Christopher was a troubled man with a long history of mental health and substance abuse problems. He committed suicide in 2004, while in custody at the Howard R. Young Correctional Institution (HRYCI) in Wilmington, Delaware, awaiting transportation to the Violation of Probation Center in Sussex County, Delaware. He had been arrested the previous day on an administrative warrant. Christopher was on probation for a domestic abuse conviction, and had been arrested for loitering while waiting to purchase drugs. His widow and children sued. The Third Circuit affirmed the district court, holding that prison administrators are not entitled to qualified immunity from an Eighth Amendment claim that serious deficiencies in the provision of medical care by a private, third-party provider resulted in an inmate’s suicide.

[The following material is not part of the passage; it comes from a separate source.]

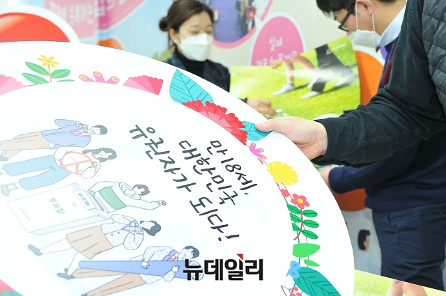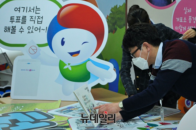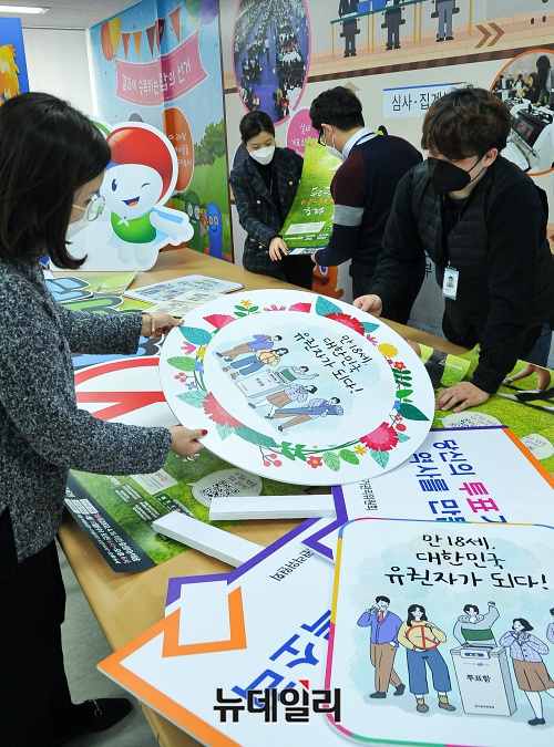 서울시 선거관리위원회 직원들이 12일 오후 서울 종로구 서울특별시 선거관리위원회 선거체험관에서 21대 국회의원선거에 쓰일 만18세 유권자 홍보에 활용할 포스터 및 소품들을 점검하고 있다.
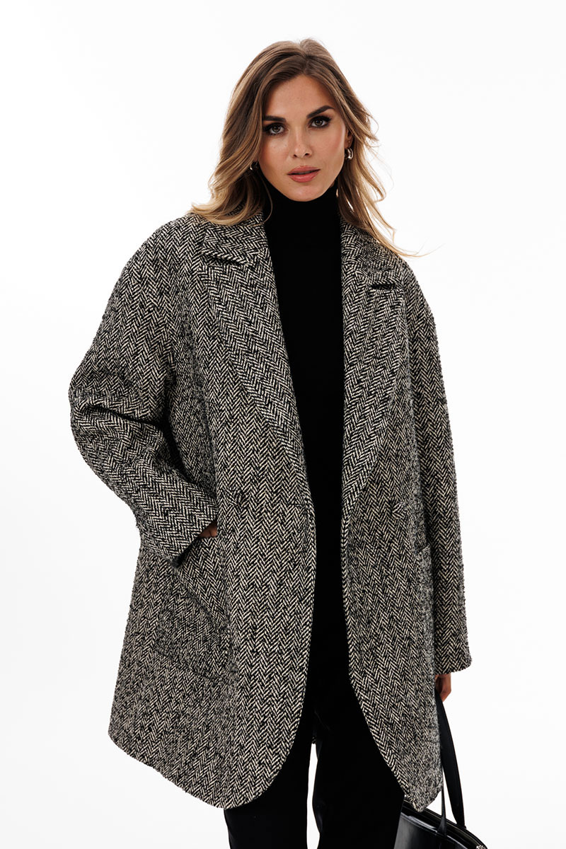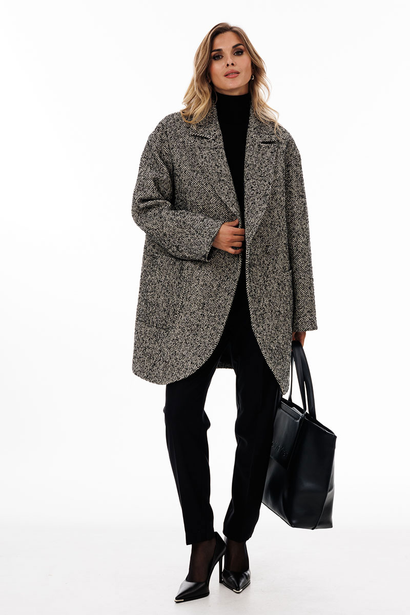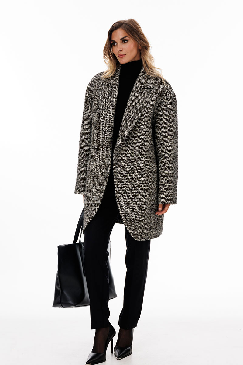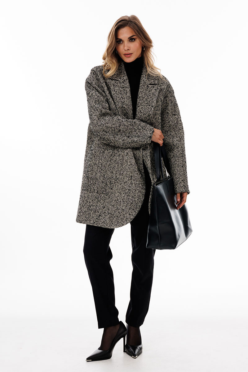 Полупальто выполнено из пальтовой ткани, меланж с рисунком "елочка". Спереди накладные карманы, двубортная застежка. На спинке средний шов. Воротник пиджачного типа. Плечевой шов удлинен. Рукав рубашечного покроя, одношовный с локтевой вытачкой. Полупальто на притачной по низу подкладке.

View "Barkes v. First Corr. Med. Inc." on Justia Law
United States v. Mallory
Mallory and Ismail, employed as emergency medical technicians, were visiting the Philadelphia home of Delaine, their mother. At about 2:30 a.m. they were standing with friends in front of a neighbor’s home. Officer Enders approached, shined a spotlight, and ordered them to disperse. Although they complied, Ismail cursed Enders, who detained Ismail for a few minutes before releasing him. Ismail walked back toward Delaine’s house, seeing police cruisers out front. Officers Hough and Lynch had received a dispatch that there was a group of men outside the address and that a black male wearing a brown leather jacket over a black hooded sweatshirt, had a gun. Delaine approached the second cruiser and asked whether they had arrested Ismail. As they were speaking, Hough noticed that Mallory, standing nearby, matched the description. As Mallory spoke with the officers, his jacket lifted to reveal a revolver in his waistband. Hough exclaimed “gun!” exited the vehicle and ordered Mallory to stop. Mallory ran into Delaine’s house, shutting the door. The officers gave chase; pushed aside Delaine’s daughter; and kicked the door open. They entered the dark house, weapons drawn; searched the house; pried open a locked bathroom door; found Mallory; arrested and handcuffed him. As the officers proceeded through the house with Mallory they recovered a revolver from under umbrellas behind the front door, which had swung open into the house. Charged with possession of a firearm by a convicted felon, Mallory successfully moved to suppress the gun. The Third Circuit affirmed, stating that it would not: “underplay the dangers that police officers may face when pursuing a suspect into an unfamiliar building. Nonetheless, once the officers had secured the premises and apprehended Mallory, the exigencies of the moment abated and the warrant requirement reattached.” View "United States v. Mallory" on Justia Law
United States v. Donahue
Donahue was convicted of fraud and related offenses and sentenced to 10 years in prison. The court directed Donahue to surrender by a given time place to serve this sentence, but he did not do so. The court issued a warrant for his arrest; U.S. marshals apprehended Donahue in New Mexico, while he was in his son’s Ford Mustang. The marshals took possession of the Mustang and, over the next five days, two federal agencies searched the vehicle several times and photographed and x-rayed it, without seeking or obtaining a warrant. An FBI agent found a firearm magazine clip under the driver’s seat and a semi- automatic pistol in a bag seized from the Mustang’s trunk. Donahue moved to suppress evidence found in the Mustang and in a hotel room in which he had registered under a false name. The district court granted the motion, finding that the government lacked probable cause. The government appealed with respect to evidence found in the Mustang. The Third Circuit reversed. Although it is clear that the government had the opportunity to seek a warrant before searching the Mustang, the automobile exception to the warrant requirement obviated its need to do so as there was probable cause; there were virtually no temporal, physical, or numerical limitations on the search’s scope.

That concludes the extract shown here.